ABSTRACT
This paper investigates and monitors the impact of population growth on the standard of living in the Lattakia region of Syria Arab Republic. It focuses on the effect of pollution on population growth in the region and how this affects the surface and groundwater resource. There has been symmetrical expansion of the agricultural and urban sectors in Lattakia as its population increased and this has caused negative effect on the water quality resource available in the region. For the purpose of this research, the region of Lattakia has been divided into four study areas; Firstly, Alsin River area, which is the main source of drinking water in the region, is designated as area (A1). While the east of Gable town is designated as area (A2), and area (A3) includes the main city of Lattakia and its countryside, and area (A4) is made up of the largest rivers in the costal basin. Chemical, biochemical and bacterial tests were carried out, and the results obtained shows the existence of chemical and bacterial contaminants and it was also observed that the surface and ground water in area (A1), which is the main source of drinking water in the region is polluted with bacteria Escherichia coli. Laboratory tests investigations carried out proved the existence of germs type E. coli in excessive concentration of bacteria from sewage, and high value of nitrate and nitrite ions in area A2 which are predominantly used for agricultural activities.
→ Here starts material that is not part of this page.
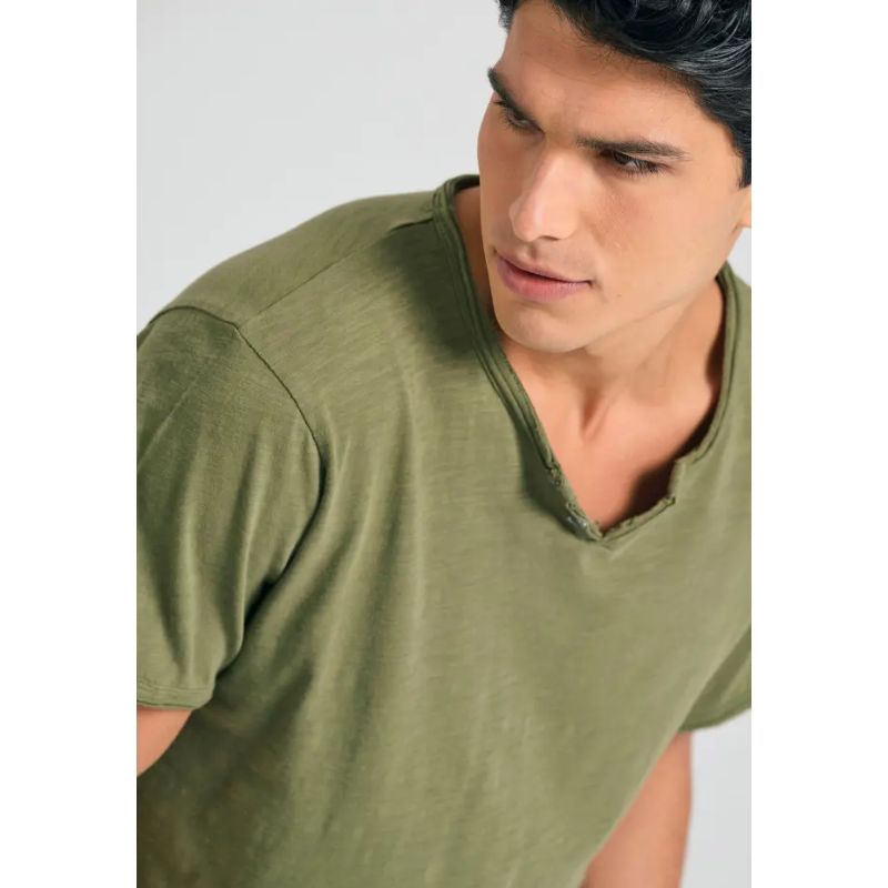 Ανδρικό t-shirt Essentials της εταιρίας Funky Buddha με λαιμό henley & raw cuts λεπτομέρεια
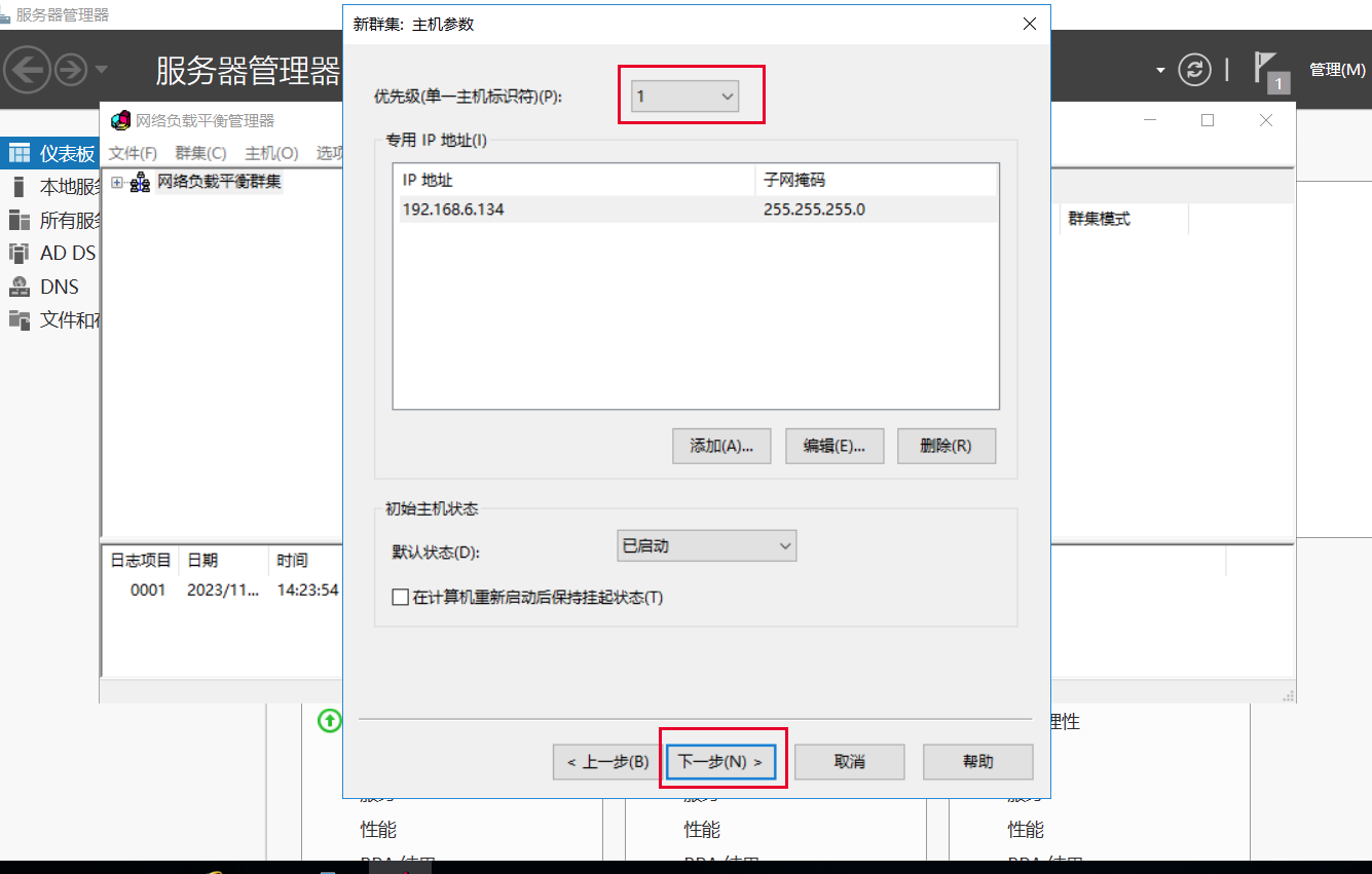- 在【优先级】中选择最高级【1】,即DC01在该群集中优先对外提供服务,点击【下一步】

The results from area (A3) and (A4) shows the existence of chemical and bacterial contaminations and the increase in the rates of pollution in area P1 (springs great north River Area) to the estuary area P2 (the estuary point the great north river in the sea) and the presence of a strong correlation between the number of inhabitants in the area of the river and increase in the rates and various types of pollution. This research was carried out just before the commencement of the crisis in The Syrian Arab Republic.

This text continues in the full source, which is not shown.